Response: The respondent is correct about the presumption and also
correct that the predecessor contractor is not required to provide
performance information. The emphasis of the E.O. is not on screening
out predecessor employees, but on hiring them. Any evidence of poor
performance by a particular employee needs to be credible information
provided in writing by a knowledgeable source, such as the predecessor
contractor and its subcontractors, the local supervisor, the employee,
or the contracting agency. (See 29 CFR 9.12(c)(4)).
Comments: Several respondents asked about predecessor employees who
perform poorly under the new contract. The respondents asked if the
successor contractor would have the right to fire them. The respondents
also asked whether the Government would assume the responsibility and/
or risk for that poor performance or for performance that is lesser
quality than the contractor could have provided with its own staff.

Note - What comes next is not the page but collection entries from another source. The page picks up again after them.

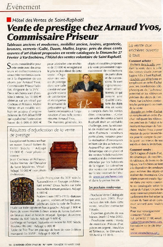 Var Matin 2006 : Tableaux et mobilier chez Me Yvos
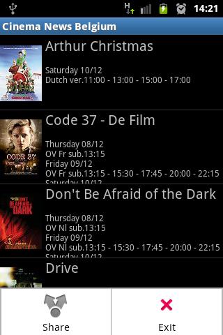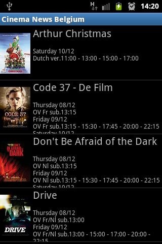 This app lets you find out the movie shows in any movie theatre of Belgium- UGC, Metrolopolis, Cinema Royal, Kinepolis, Nova, Aventure and many more.
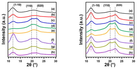 XRD spectra of regenerated cellulose films prepared from CNF (left) and MCC (right) through coagulation using (a) 5 wt% H2SO4 and 5 wt% Na2SO4 aqueous solution, (b) H2O, (c) ethylene glycol, (d) methanol, (e) ethanol, (f) 1-butanol, (g) acetone, and (h) n-hexane.
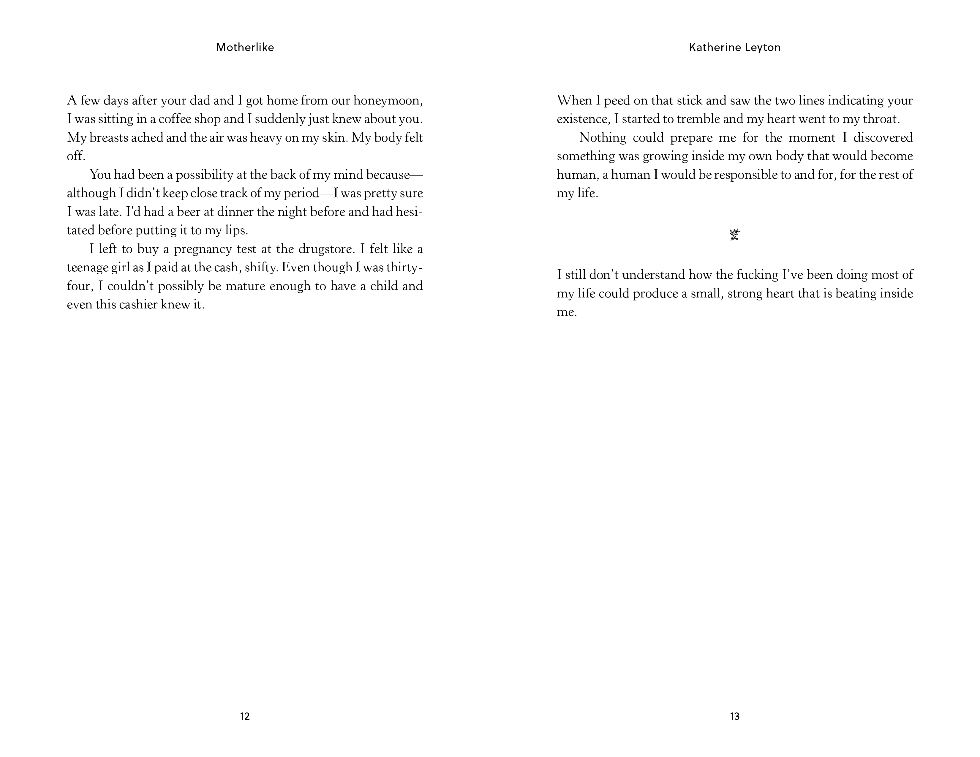 As soon as Katherine Leyton discovered she was pregnant, a powerful reckoning began. Motherlike is both a feminist memoir of new motherhood as well as a rumination on womanhood. A book for anyone interested in an honest and revealing look at a process that is essential to our experience as humans, and yet is routinely unexamined and dismissed.
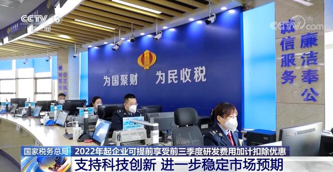 央視網(wǎng)消息:國(guó)家稅務(wù)總局6月9日發(fā)布消息,《關(guān)于企業(yè)預(yù)繳申報(bào)享受研發(fā)費(fèi)用加計(jì)扣除優(yōu)惠政策有關(guān)事項(xiàng)的公告》已印發(fā),明確從2022年起,企業(yè)可以在每年10月申報(bào)期申報(bào)享受前三季度研發(fā)費(fèi)用加計(jì)扣除政策優(yōu)惠,把2021年10月提前享受當(dāng)年的研發(fā)費(fèi)用加計(jì)扣除政策舉措轉(zhuǎn)化為制度性規(guī)定,進(jìn)一步穩(wěn)定市場(chǎng)預(yù)期,支持科技創(chuàng)新。
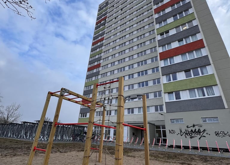 Von der in die Jahre gekommenen Fassade zum modernen, energieeffizienten Blickfang – trotz nachträglicher Graffitis unverkennbar aufgewertet.
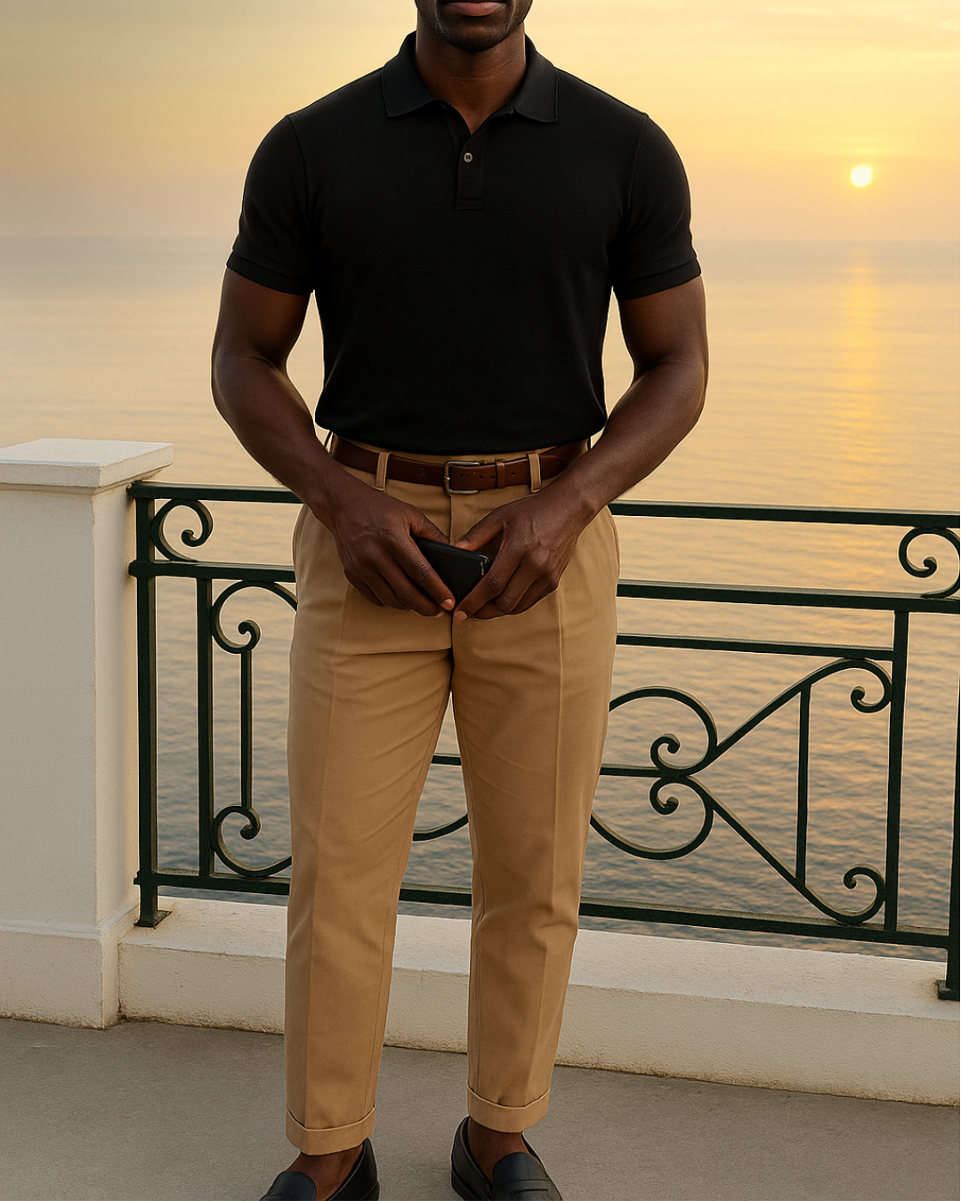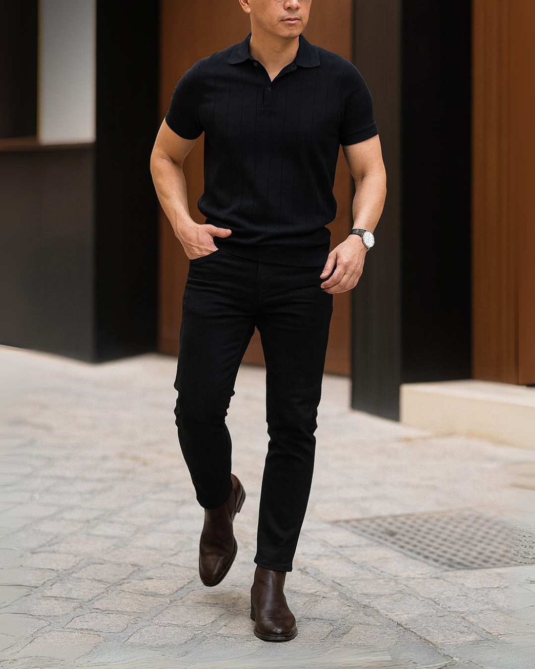 No primeiro look, a opção all black bem construída que transmite poder e estilo sem esforço. Já no segundo, a dupla mistura o ar urbano da polo com o toque casual do calça khaki. Ótimo para ocasiões diurnas. E para finalizar a combinação da polo preta com alfaiataria cinza traz o equilíbrio ideal entre sofisticação e modernidade.
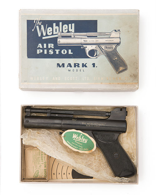 circa 1956, with 6 1/2in. barrel, pull-back locking-catch, blued stepped air-chamber marked 'THE WEBLEY MARK I' and 'MADE IN ENGLAND' on the left hand side and 'WEBLEY & SCOTT LTD BIRMINGHAM' along with 'WEBLEY PATENTS' on the right, chequered bakelite grips, complete with its pale blue card carton, instructions inside the lid, original target, swing ticket and sample pellet envelope, the whole appearing unused
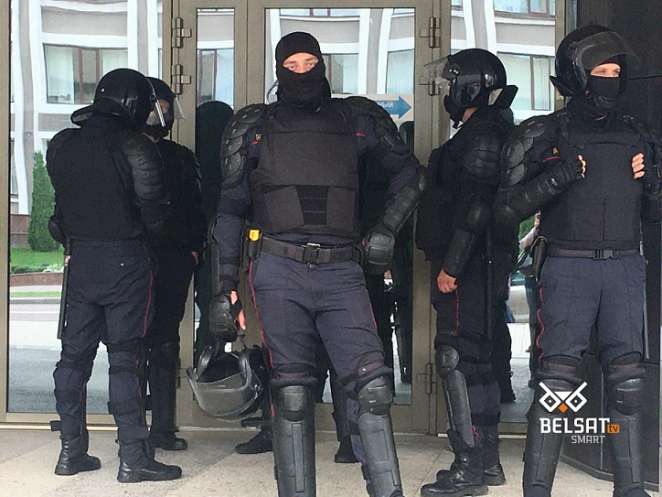 Так называемые космонавты, без опознавательных знаков со спрятанными лицами. Фото Belsat.eu
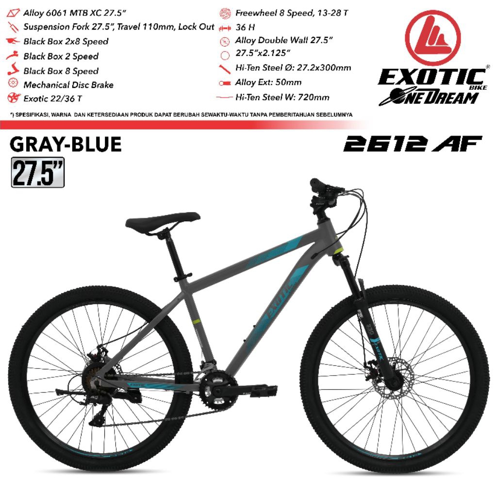 SEPEDA GUNUNG MTB 26 27.5 INCH EXOTIC 2612 AH ALLOY REM HYDRAULIC / EXOTIC 2612 AF ALLOY
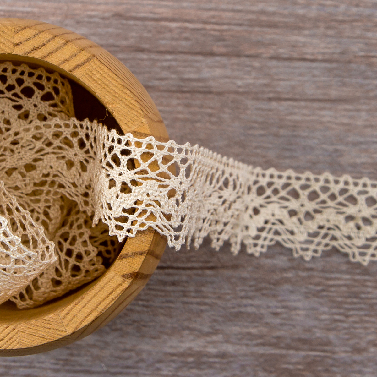 Изысканно-нежное испанское кружево, созданное современными дизайнерами по традиционным старинным рисункам и в традициях кружевоплетения. Изготовлено машинным способом, при этом имеет вид тонкой ручной работы. Использованы мерсеризованные хлопковые нити №40 для "тонкого" кружева и сочетание нитей №40 с толщинами №30, №24, №18 для придания фактурности. Кружево выпускается как в традиционных оттенках: снежно-белый, шампань, экрю, так и в соответствии с современным модным тенденциям в ярких и пастельных тонах. Сфера применения: декорирование интерьерного текстиля (подушки, покрывала, скатерти, дорожки, занавеси, абажуры), одежды в народном и винтажном стиле, рукодельных проектах по пошиву кукол, скрапбукингу. Производитель рекомендует деликатную стирку при 30 градусах, сушить в расправленном виде, гладить с изнанки при 2-ом температурном режиме на подложке. Кружево плетеное нельзя стирать в стиральной машине при 60 и 90 градусах на режиме "хлопок".
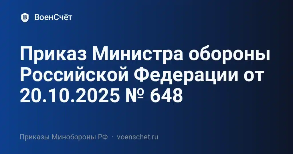 Официальная публикация: Приказ Министра обороны Российской Федерации № 648 от 20.10.2025.
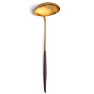 Couverts Mio Cutipol marron et doré mat. Vente à l’unité.
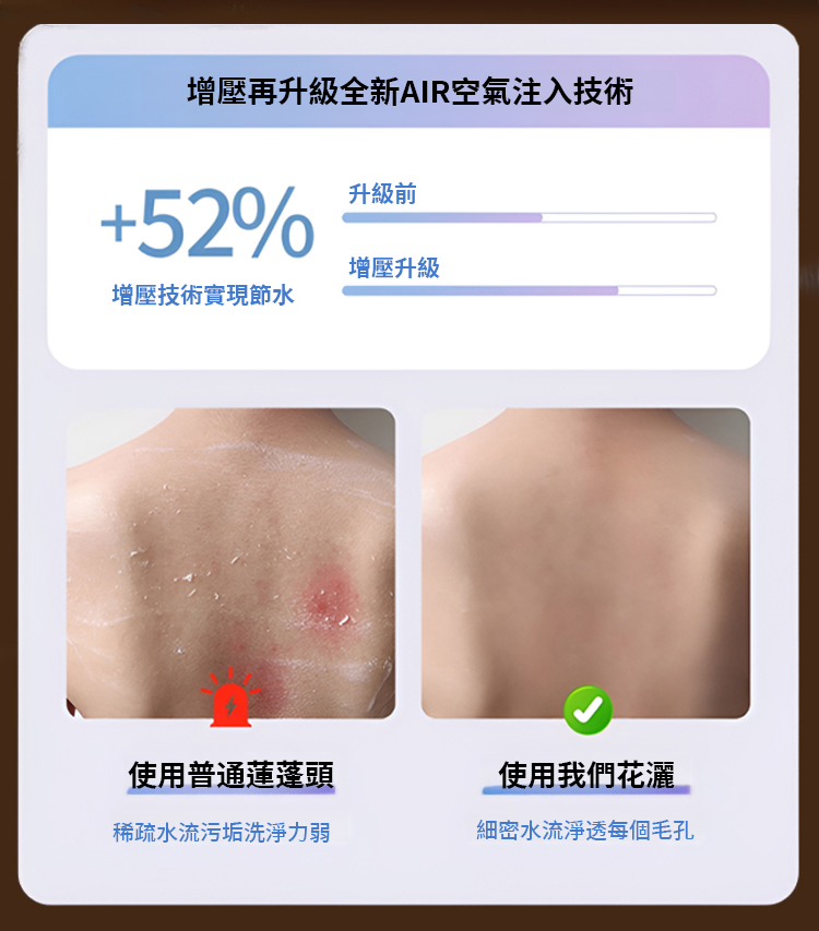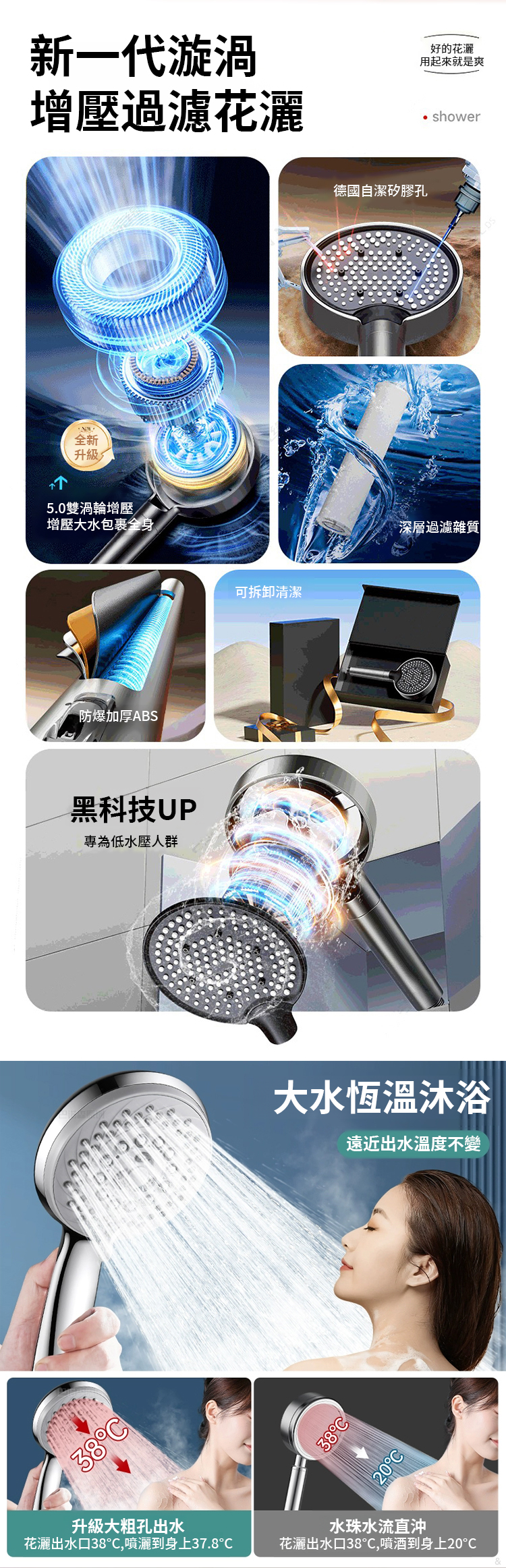 老房子設施陳舊讓人失望!洗澡水壓像眼淚?快把你家的花灑噴頭換成這款,航空級增壓技術,水壓瞬間飆升到1.5公斤!連頂樓住戶都能享受強力按摩水柱!獨家20cm超大面板,沐浴面積增加3倍,全身同時溫暖!5檔模式,隨心切換,暢享多種沐浴體驗!
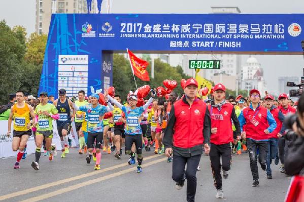 2017金盛兰杯咸宁国际温泉马拉松于11月11日在湖北咸宁温泉成功举行。本次赛事由中国田径协会、湖北省体育局、咸宁市人民政府主办,湖北省田径协会、咸宁市体育局、咸安区人民政府承办,广州市博润文化传播有限公司负责整体运营。赛事得到了社会各界朋友们的关心和支持,全民参与热情度极高,共吸引了来自各地近12000名运动员参赛,其中马拉松报名人数为1699人,半程马拉松报名人数为3000人(报满即止),微型马拉松为7242人,外籍选手人数为9人。观赛人数达10万人,赛事网络点击量达200多万。

Response: The Government expects the successor contractor to manage
its employees, including the predecessor's former employees who have
been hired. If the contractor terminates an employee under
circumstances suggesting the offer of employment may not be bona fide,
the facts and circumstances of the offer and the termination will be
closely examined during any compliance action to ensure the offer was
bona fide. (See 29 CFR 9.12(b)(6)). The successor contractor bears the
responsibility for claiming an exception to the requirement to offer
employment to any employee who had worked for the predecessor
contractor (see FAR 22.1203-5). The successor contractor is expected to
comply with the business ethics requirements of FAR subpart 3.10 and
the relevant clauses in the contract.
Comments: Several respondents asked about a successor contractor
having different standards. If a successor contractor had a better
qualified employee with proven capabilities, could the successor
contractor keep and promote the employee after award of the contract,
rather than replacing the employee with an incumbent employee. The
respondents asked what would happen if the successor contractor
proposed a solution using its own employees who were more qualified, or
less costly, than the predecessor contractor's employees. The
respondents also asked what would happen if the successor contractor
has a different level of acceptable conduct and performance.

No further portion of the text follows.